- **WORK TO BE COMPLETED**
Copy the records below, from the line containing "Limpio o sucio, usa" through the last line; leave out pictures.

- **Collected data entries**
****************
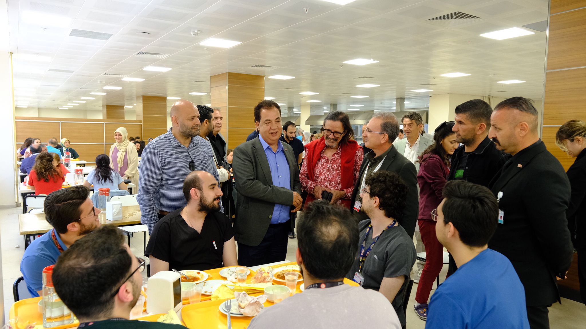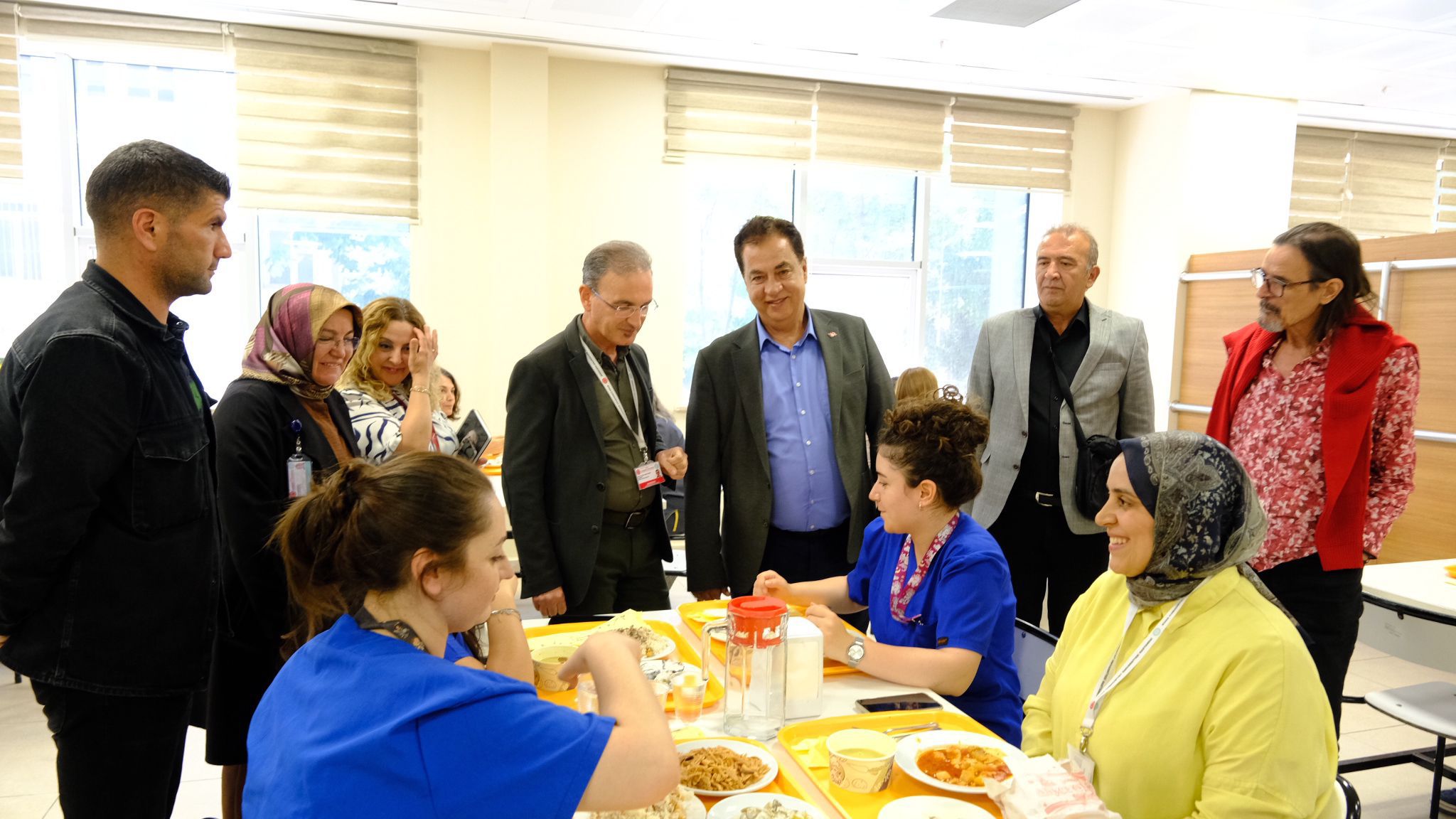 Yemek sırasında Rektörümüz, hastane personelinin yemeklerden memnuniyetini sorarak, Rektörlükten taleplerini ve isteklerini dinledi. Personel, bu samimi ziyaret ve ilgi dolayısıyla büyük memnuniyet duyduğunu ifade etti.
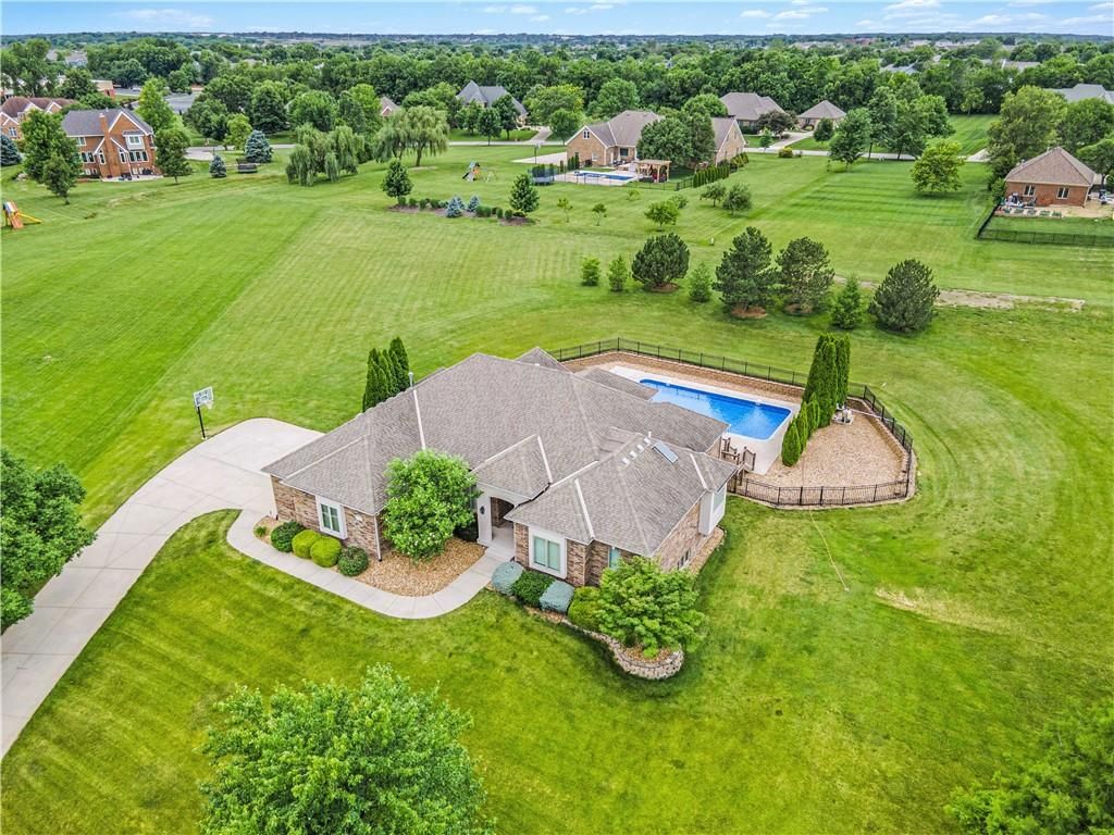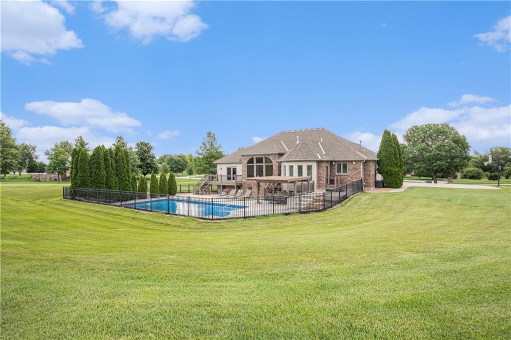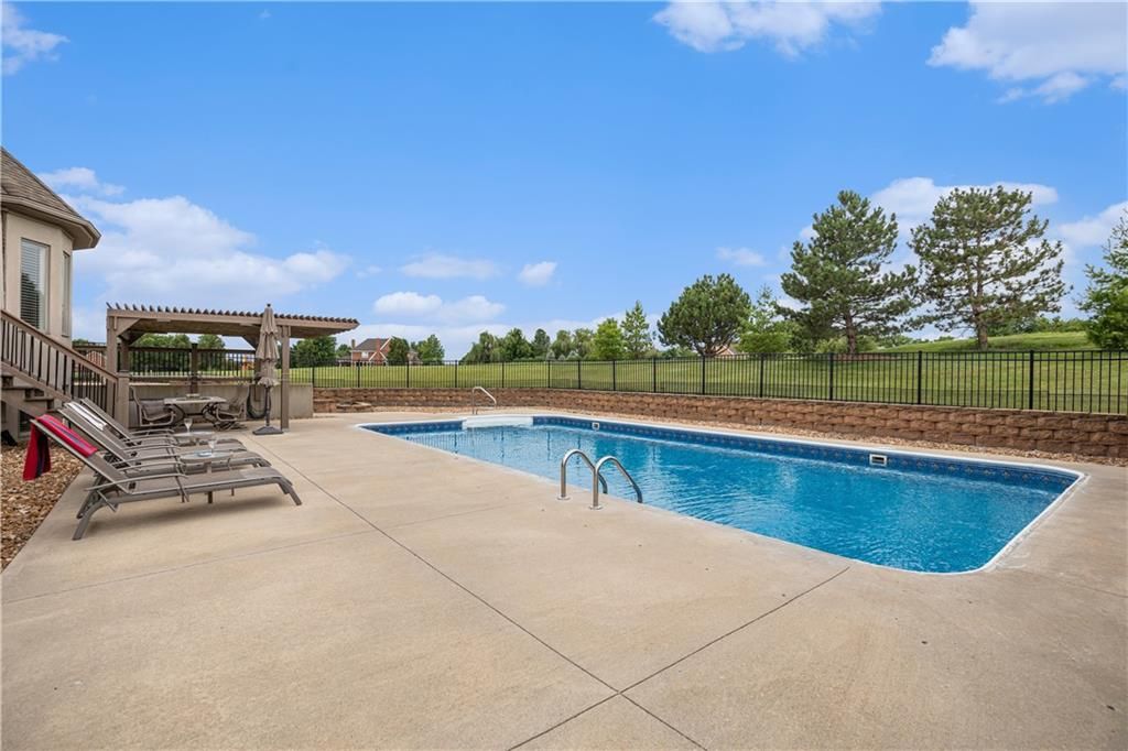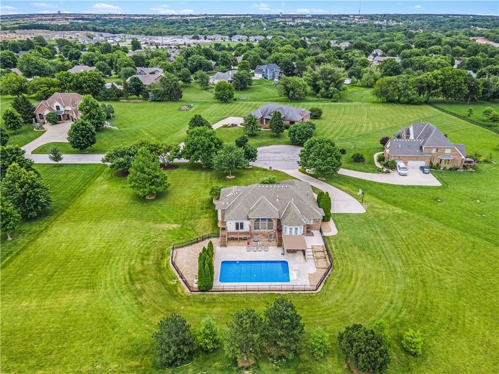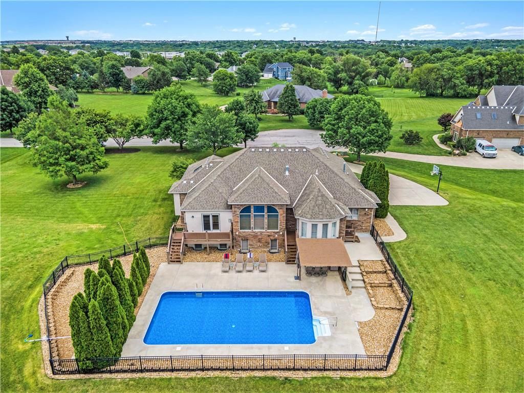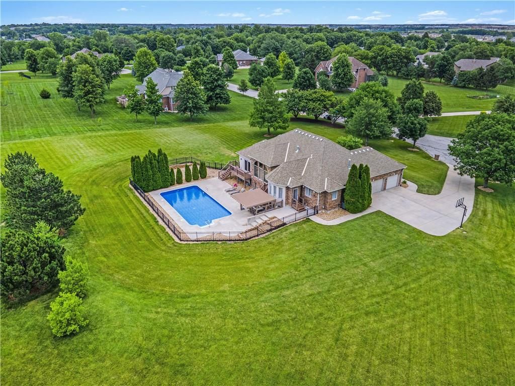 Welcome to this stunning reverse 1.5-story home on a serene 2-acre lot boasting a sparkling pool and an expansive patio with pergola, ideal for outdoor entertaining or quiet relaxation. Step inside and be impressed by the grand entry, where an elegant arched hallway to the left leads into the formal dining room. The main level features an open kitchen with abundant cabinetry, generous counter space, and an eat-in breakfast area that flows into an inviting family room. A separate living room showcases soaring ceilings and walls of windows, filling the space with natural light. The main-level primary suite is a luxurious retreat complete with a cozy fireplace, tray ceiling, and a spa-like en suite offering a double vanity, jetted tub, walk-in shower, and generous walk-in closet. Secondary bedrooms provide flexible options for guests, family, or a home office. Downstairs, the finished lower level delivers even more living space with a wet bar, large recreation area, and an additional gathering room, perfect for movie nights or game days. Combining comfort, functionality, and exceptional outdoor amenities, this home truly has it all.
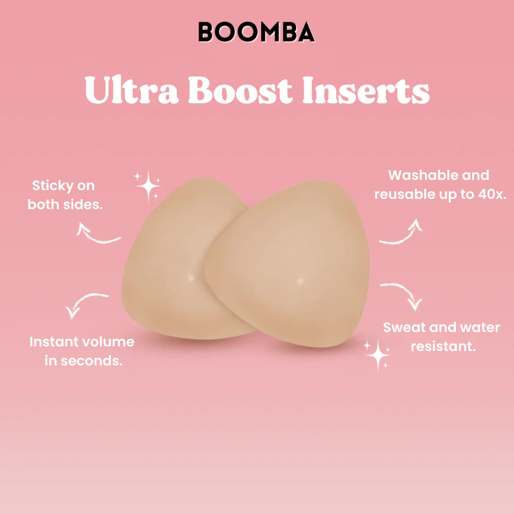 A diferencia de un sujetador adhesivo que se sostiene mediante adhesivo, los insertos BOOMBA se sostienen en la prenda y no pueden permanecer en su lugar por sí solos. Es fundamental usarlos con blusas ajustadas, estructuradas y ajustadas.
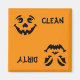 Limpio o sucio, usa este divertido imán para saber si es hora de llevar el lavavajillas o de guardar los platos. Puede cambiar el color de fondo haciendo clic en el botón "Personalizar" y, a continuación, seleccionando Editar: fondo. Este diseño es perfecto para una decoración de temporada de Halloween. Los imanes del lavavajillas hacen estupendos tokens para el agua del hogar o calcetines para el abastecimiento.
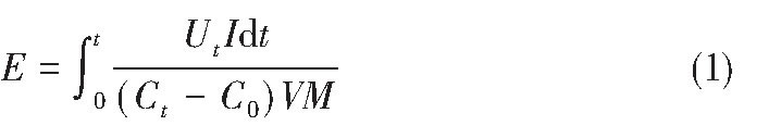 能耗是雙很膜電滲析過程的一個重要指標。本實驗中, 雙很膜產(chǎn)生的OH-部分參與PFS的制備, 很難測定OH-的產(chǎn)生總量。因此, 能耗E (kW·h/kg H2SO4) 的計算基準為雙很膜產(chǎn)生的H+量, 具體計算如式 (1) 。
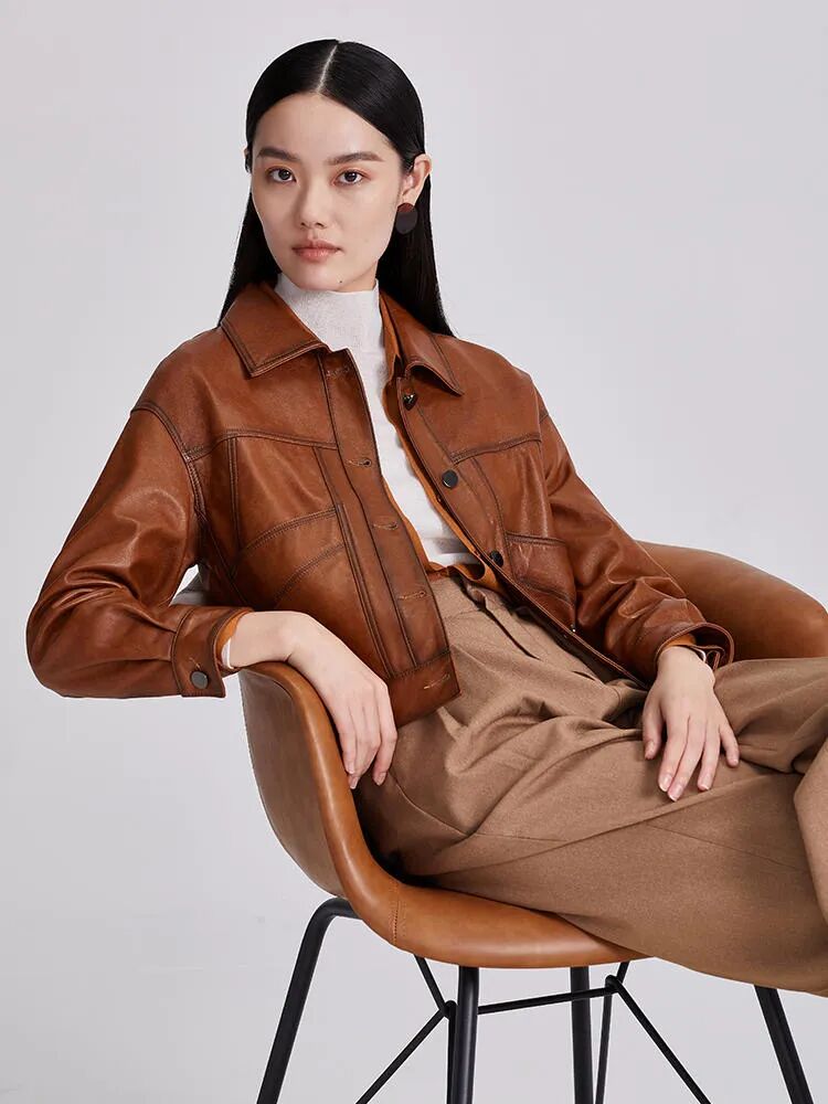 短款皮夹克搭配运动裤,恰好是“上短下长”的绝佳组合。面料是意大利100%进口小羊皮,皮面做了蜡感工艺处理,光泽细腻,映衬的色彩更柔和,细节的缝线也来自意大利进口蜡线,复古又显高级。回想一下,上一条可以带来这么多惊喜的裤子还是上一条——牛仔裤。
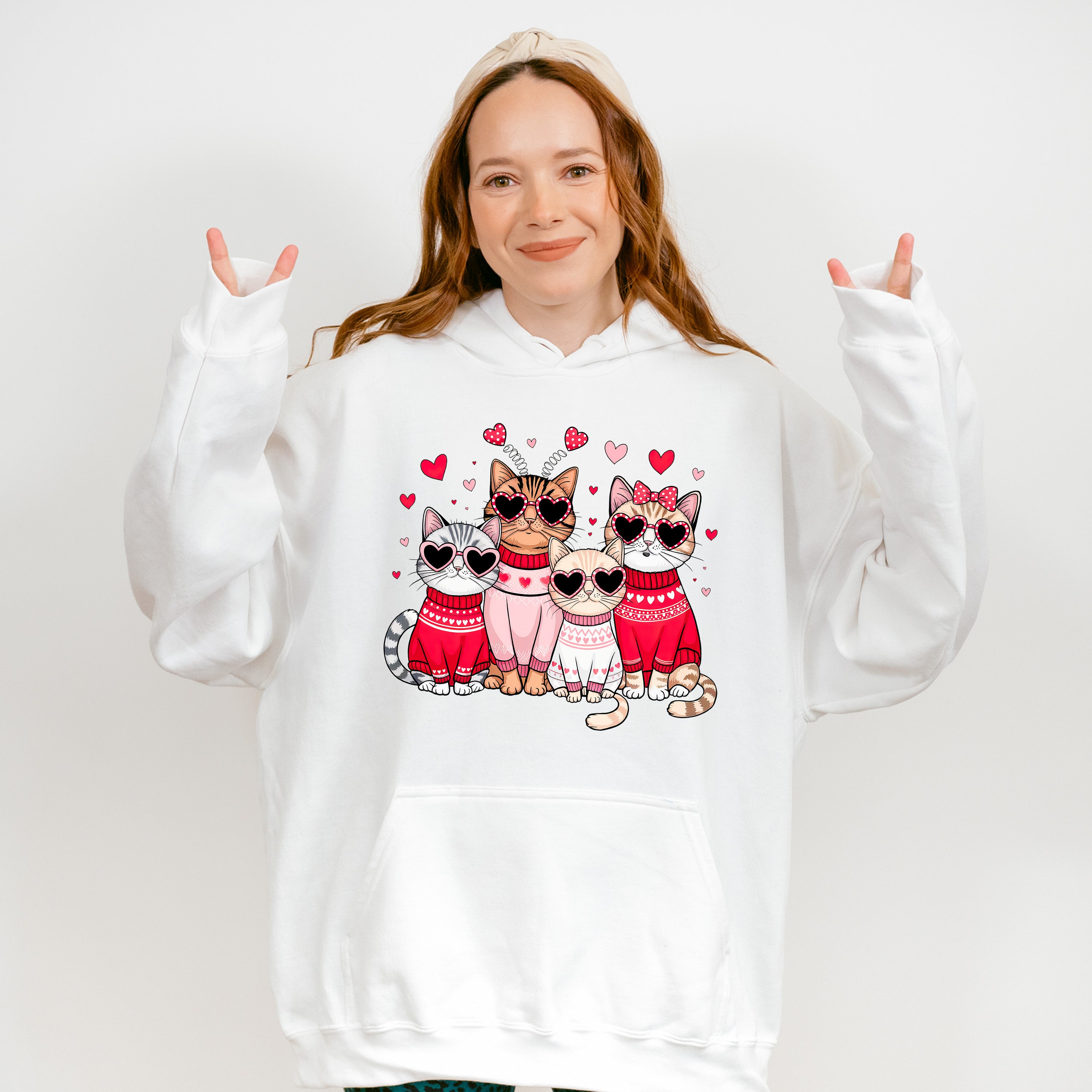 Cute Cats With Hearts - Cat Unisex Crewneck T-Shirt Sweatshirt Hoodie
****************
- **WRITTEN ANSWER**
 Limpio o sucio, usa este divertido imán para saber si es hora de llevar el lavavajillas o de guardar los platos. Puede cambiar el color de fondo haciendo clic en el botón "Personalizar" y, a continuación, seleccionando Editar: fondo. Este diseño es perfecto para una decoración de temporada de Halloween. Los imanes del lavavajillas hacen estupendos tokens para el agua del hogar o calcetines para el abastecimiento.
 能耗是雙很膜電滲析過程的一個重要指標。本實驗中, 雙很膜產(chǎn)生的OH-部分參與PFS的制備, 很難測定OH-的產(chǎn)生總量。因此, 能耗E (kW·h/kg H2SO4) 的計算基準為雙很膜產(chǎn)生的H+量, 具體計算如式 (1) 。
 短款皮夹克搭配运动裤,恰好是“上短下长”的绝佳组合。面料是意大利100%进口小羊皮,皮面做了蜡感工艺处理,光泽细腻,映衬的色彩更柔和,细节的缝线也来自意大利进口蜡线,复古又显高级。回想一下,上一条可以带来这么多惊喜的裤子还是上一条——牛仔裤。
 Cute Cats With Hearts - Cat Unisex Crewneck T-Shirt Sweatshirt Hoodie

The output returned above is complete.